Hybrid SORS/E4ES: Developing high quality regional climate projections: a framework, applications and recommendations
Objectives
Abstract: This talk illustrates the quality assessment framework developed by Baldissera Pacchetti et al. (2021a, 2021b) and shows how it is being used to provide guidance on how to improve the quality of the next generation regional climate projections. The framework defines quality of projections in terms of “epistemic reliability”, which requires that information about future climate and related probabilities (if applicable) suitably represent the likelihood of different realizations of future climate and that there is an explanation of why this is the case. The framework specifies six quality dimensions to assess information about future regional climate, and the methods used to derive it: transparency, theory, historical empirical adequacy, diversity, completeness and number. Our assessment of the latest generation of UK national projections (UKCP18) showed that these projections do not score highly along all the quality dimensions of the framework (Baldissera Pacchetti et al. (2021b)). To broaden the scope of this work and identify gaps and opportunities for improvement in UK regional information about future climate, we have: (1) conducted a systematic literature review of published work on regional scale future precipitation for the UK and evaluated it with the quality framework and (2) conducted a series of semi-structured interviews with key UK-based experts on regional precipitation change about their assessment of current state-of-the art decision-relevant information about future regional precipitation change. Both the interview protocol and the analysis of the interview are based on the quality assessment framework that evaluates information and the methods used to derived it along the dimensions of the quality framework. Our results show that there are indeed quality gaps and ways in which the research community can achieve high quality regional climate information. However, we note that there isn’t always agreement amongst experts about how efforts should be distributed. We end with a series of recommendations derived from the analysis of the interview.

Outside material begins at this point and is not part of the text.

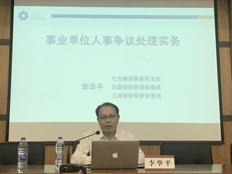 李華平律師就“事業單位人事爭議糾紛處理實務”為題,分別從事業單位在編人員、非在編人員的法律適用,聘用合同的訂立與解除與勞動合同的區別,事業單位人員的崗位、報酬、考核與獎懲管理以及人事爭議與勞動爭議案件實體處理的差異比較等四個方面講解了事業單位中的人事爭議糾紛處理的要點。

Short Bio: Marina Baldissera Pacchetti’s research lies at the intersection of the foundations of physical sciences, the history and epistemology of modeling complex systems and the role of science in society. Her work mostly draws from history and philosophy of science, environmental social science and physical climate science. She is a researcher at the BSC’s Earth Sciences Department and at the Sustainability Research Institute at the University of Leeds. Marina earned her PhD from the Department of History and Philosophy of Science at the University of Pittsburgh, and wrote her dissertation under the supervision of Professor Robert Batterman. Before going to Pittsburgh, she completed a MSc in History and Philosophy of Science at the London School of Economics and a BSc in Mathematics and Physics (Joint Honors) at University College London.
Speakers
Speaker: Marina Baldissera Pacchetti, BSC’s Earth Sciences Department and Sustainability Research Institute, University of Leeds.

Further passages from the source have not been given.